## Aim of the exercise
Below is a listing to repeat exactly, with its pictures left out.

------ Information shown

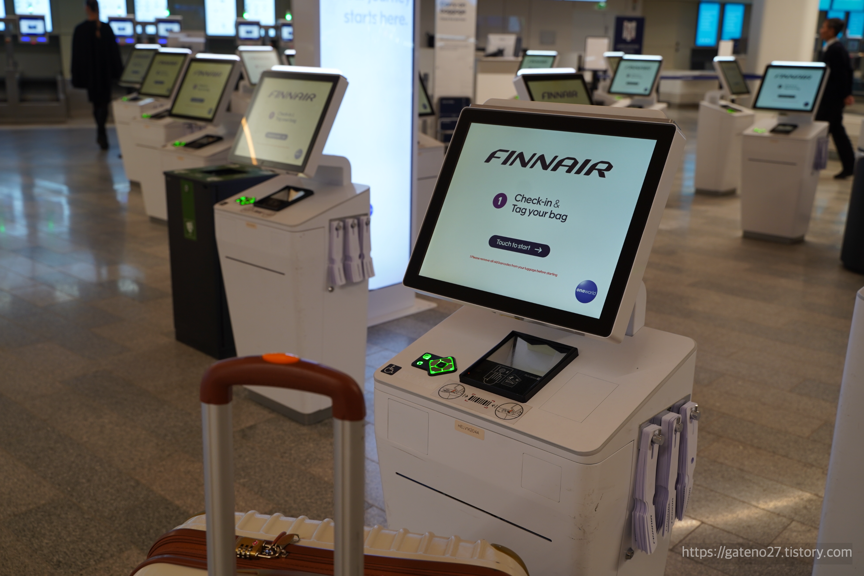 공항 체크인 카운터의 대부분은 핀에어가 차지하고 있었다. 핀에어 또한 요즘 대세(?)에 맞게 셀프 체크인을 및 백드롭을 해야 했다.
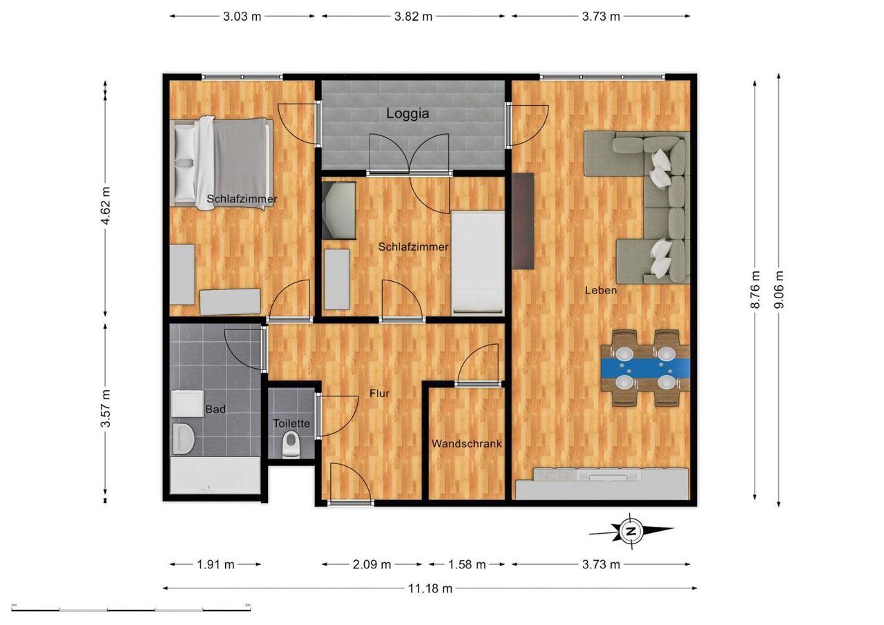 Vom Wohnraum aus haben Sie– wie auch von den beiden Schlafzimmern - Zugang zu Ihrer geräumigen Loggiamit Pflanztrögen: Der perfekte Ort, um frische Luft zu tanken, den Frühstückskaffee zu genießen oder abends den Elektrogriller anzuwerfen.
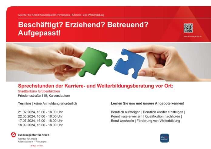 Das Stadtteilbüro Grübentälchen (Tel 0631 680 316 90), Friedenstr. 118, lädt wieder ein zur Sprechstunde der Bundesagentur für Arbeit am Mittwoch, 22. Mai, von 16:00 – 18:00 Uhr zu den Themen „Beruflich wieder einsteigen / beruflich aufsteigen / Kenntnisse erweitern / Qualifikation nachholen / Beruf wechseln / Förderung von Weiterbildung“. Es ist keine Anmeldung erforderlich.

------------

## Your solution
 공항 체크인 카운터의 대부분은 핀에어가 차지하고 있었다. 핀에어 또한 요즘 대세(?)에 맞게 셀프 체크인을 및 백드롭을 해야 했다.
 Vom Wohnraum aus haben Sie– wie auch von den beiden Schlafzimmern - Zugang zu Ihrer geräumigen Loggiamit Pflanztrögen: Der perfekte Ort, um frische Luft zu tanken, den Frühstückskaffee zu genießen oder abends den Elektrogriller anzuwerfen.
 Das Stadtteilbüro Grübentälchen (Tel 0631 680 316 90), Friedenstr. 118, lädt wieder ein zur Sprechstunde der Bundesagentur für Arbeit am Mittwoch, 22. Mai, von 16:00 – 18:00 Uhr zu den Themen „Beruflich wieder einsteigen / beruflich aufsteigen / Kenntnisse erweitern / Qualifikation nachholen / Beruf wechseln / Förderung von Weiterbildung“. Es ist keine Anmeldung erforderlich.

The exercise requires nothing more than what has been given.